DESCRIPTION OF THE TASK: Images excluded, repeat each entry below exactly.

====== RECORD SET

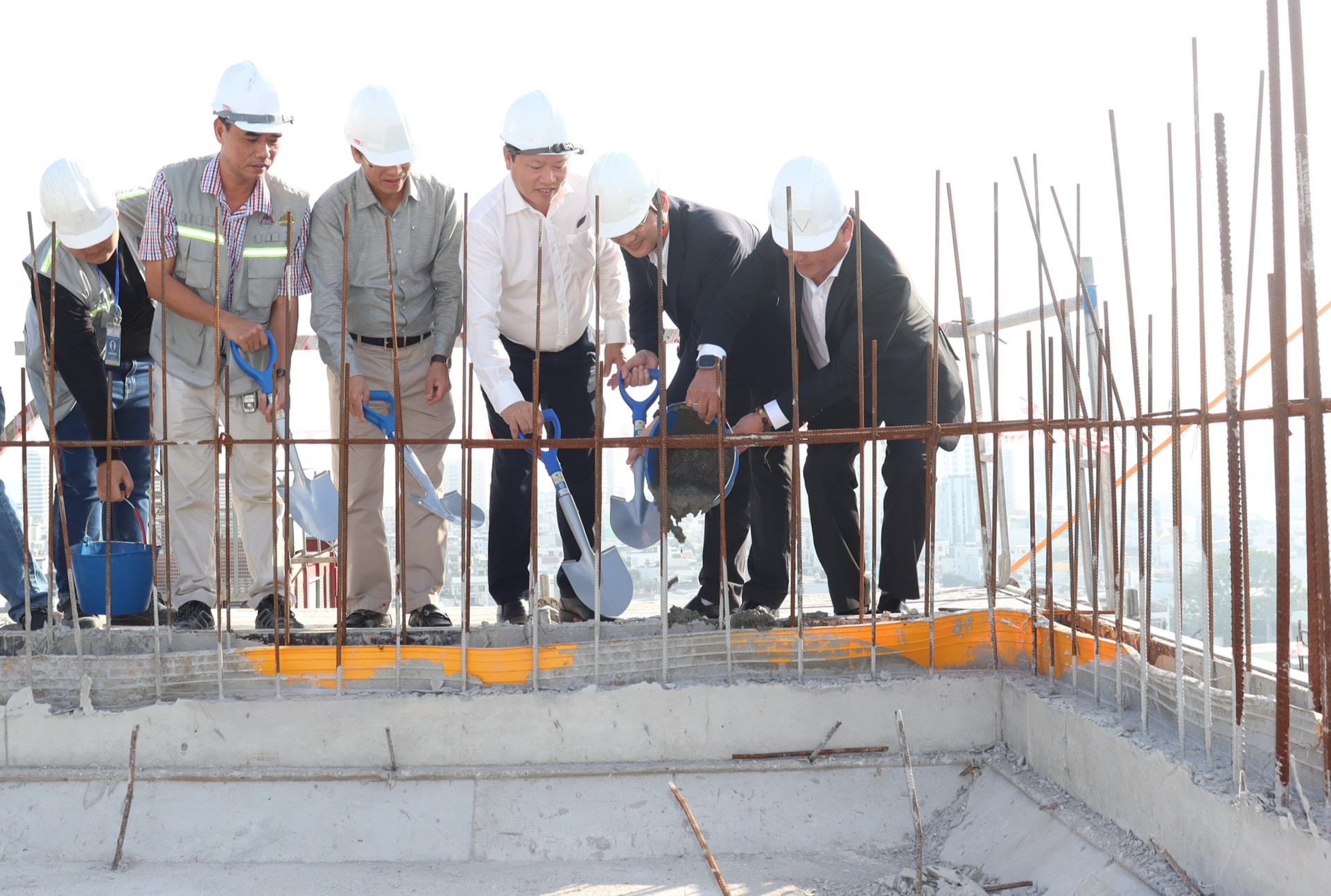 Lãnh đạo Sở Xây dựng, địa phương và chủ đầu tư thực hiện nghi thức cất nóc 2 khối nhà ở xã hội.
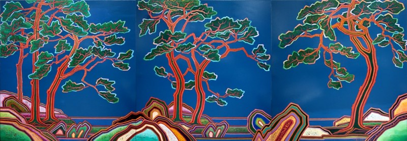 작가는 자신이 그리는 자연풍경이나 전통사회의 고향 풍경, 한국인이 이상적으로 떠올려주는 이상적 장소를 이른바 정토라 부르며 그곳에서 이른바 ‘보살의 상’을 발견한다. 정토란 ‘부처와 보살이 사는 곳으로, 번뇌의 구속에서 벗어난 아주 깨끗한 세상’인데 작가에게는 자연이 그렇고 추억어린 고향의 장소가 그러하며 삼라만상이 모두 그러한 맥락 안에서 순환한다고 보는 것 같다. 만다라란 기본적으로 우주를 상징하며 신들이 거할 수 있는 신성한 장소이자 우주의 힘이 응집되는 장소라고 볼 수 있을 텐데 작가는 분명 정신적으로 만다라의 중심으로 들어가 전진하고자 하는 차원에서의 그림을 시도하는 것 같다. 수많은 색과 선이 얽혀 있어 있고 특정 형상을 빌어 출몰하는 그림은 결국 작가의 만다라적 세계관이 투사된 조형어법에 근간해서 이루어지고 있다고 본다. 모든 살아있는 존재 안에서, 사물의 피부위에서 정토와 보살의 상을 발견하고 그곳에서 구원을 추구하는 마음의 극진한 상태를 추구하고 있는 것이 작가의 근작이라는 생각이다
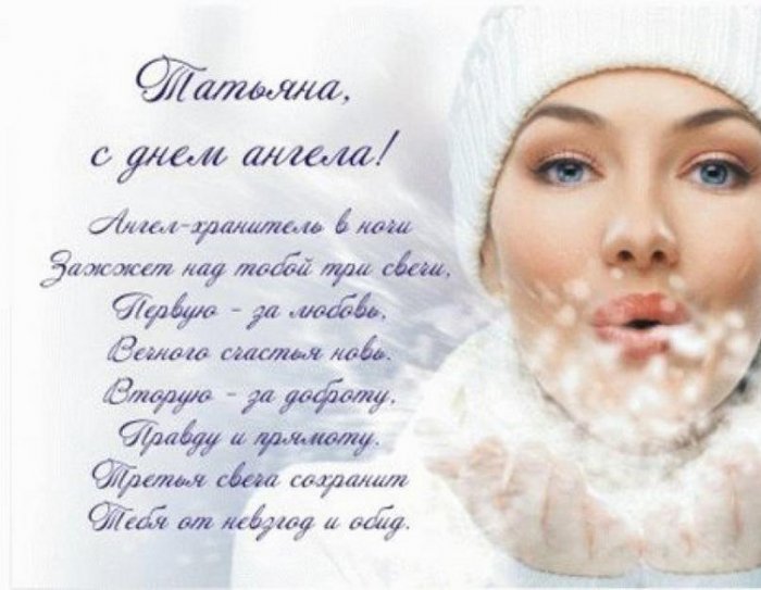 И защитит тебя Пускай подарит много в душе пусть Побольше очень радостных Желаю Вам я Так встречай Татьянин двери,Дома — ясно и тепло,Пусть успехи в и благость посылает,тебя от зла День ангела сегодня
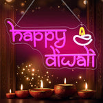 WILLBOND Happy Diwali Neon Sign Diwali Diya Party Decoration Deepawali LED Neon Light Sign Indian Hindu Pooja Room Light Hanging Decoration for Puja Party Festival Gifts
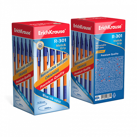 Retractable ballpoint pen ErichKrause R-301 Matic&Grip Orange 0.7, ink color: blue (box 50 pcs.) |
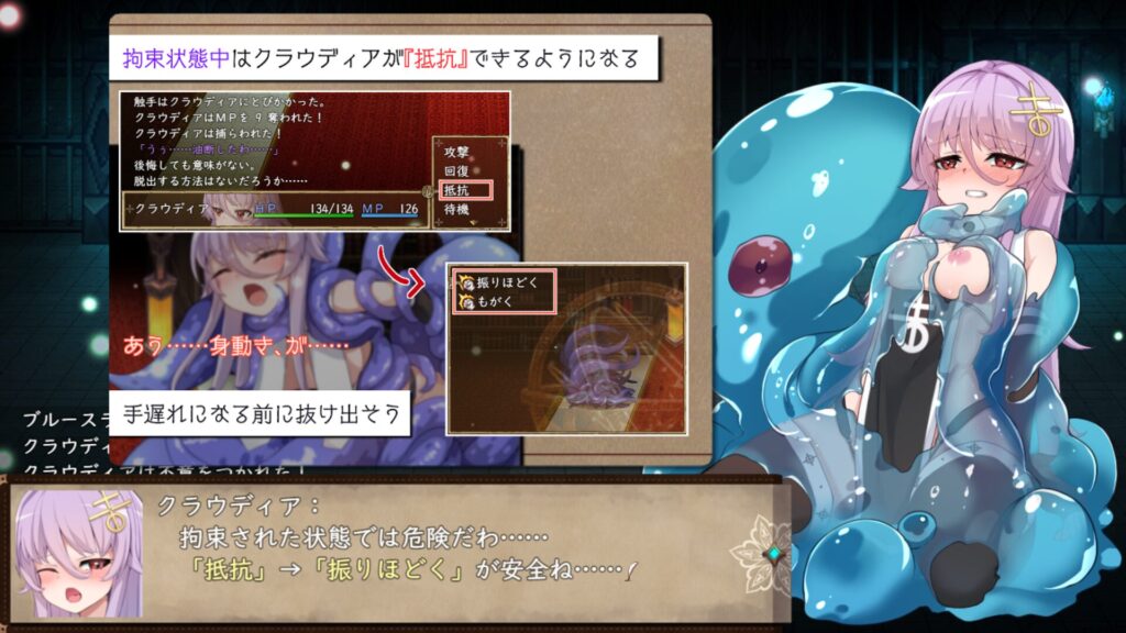 拘束されるとMPは吸われるし魔力は下がるしで戦闘なんかできるかという感じなので早急に抜け出さないととっても危険。
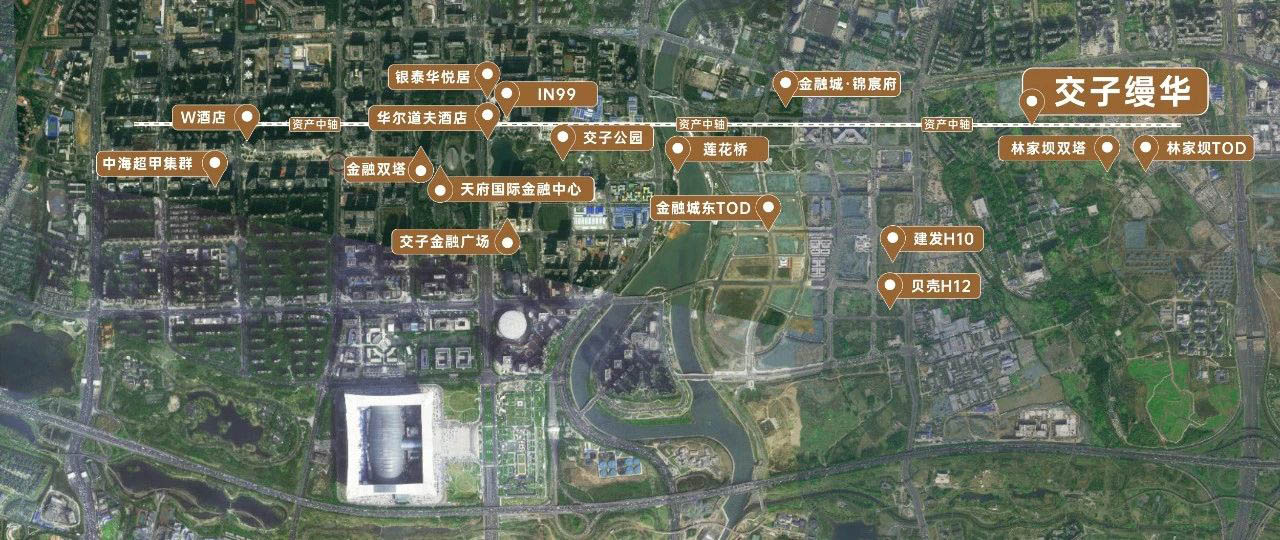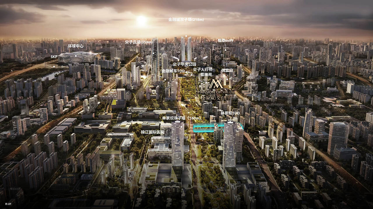 矗立于金融城东、无界交子绿廊,约500米直抵交子公园,紧邻林家坝TOD,这与国际顶壕的站位一脉相承:金融中轴之上、中央公园之畔,在城市的经济心脏,不仅有城市中心金融城,还近享金融城楼市未来的最后一块“价值区域”。

============

ANSWER:
 Lãnh đạo Sở Xây dựng, địa phương và chủ đầu tư thực hiện nghi thức cất nóc 2 khối nhà ở xã hội.
 작가는 자신이 그리는 자연풍경이나 전통사회의 고향 풍경, 한국인이 이상적으로 떠올려주는 이상적 장소를 이른바 정토라 부르며 그곳에서 이른바 ‘보살의 상’을 발견한다. 정토란 ‘부처와 보살이 사는 곳으로, 번뇌의 구속에서 벗어난 아주 깨끗한 세상’인데 작가에게는 자연이 그렇고 추억어린 고향의 장소가 그러하며 삼라만상이 모두 그러한 맥락 안에서 순환한다고 보는 것 같다. 만다라란 기본적으로 우주를 상징하며 신들이 거할 수 있는 신성한 장소이자 우주의 힘이 응집되는 장소라고 볼 수 있을 텐데 작가는 분명 정신적으로 만다라의 중심으로 들어가 전진하고자 하는 차원에서의 그림을 시도하는 것 같다. 수많은 색과 선이 얽혀 있어 있고 특정 형상을 빌어 출몰하는 그림은 결국 작가의 만다라적 세계관이 투사된 조형어법에 근간해서 이루어지고 있다고 본다. 모든 살아있는 존재 안에서, 사물의 피부위에서 정토와 보살의 상을 발견하고 그곳에서 구원을 추구하는 마음의 극진한 상태를 추구하고 있는 것이 작가의 근작이라는 생각이다
 И защитит тебя Пускай подарит много в душе пусть Побольше очень радостных Желаю Вам я Так встречай Татьянин двери,Дома — ясно и тепло,Пусть успехи в и благость посылает,тебя от зла День ангела сегодня
 WILLBOND Happy Diwali Neon Sign Diwali Diya Party Decoration Deepawali LED Neon Light Sign Indian Hindu Pooja Room Light Hanging Decoration for Puja Party Festival Gifts
 Retractable ballpoint pen ErichKrause R-301 Matic&Grip Orange 0.7, ink color: blue (box 50 pcs.) |
 拘束されるとMPは吸われるし魔力は下がるしで戦闘なんかできるかという感じなので早急に抜け出さないととっても危険。
 矗立于金融城东、无界交子绿廊,约500米直抵交子公园,紧邻林家坝TOD,这与国际顶壕的站位一脉相承:金融中轴之上、中央公园之畔,在城市的经济心脏,不仅有城市中心金融城,还近享金融城楼市未来的最后一块“价值区域”。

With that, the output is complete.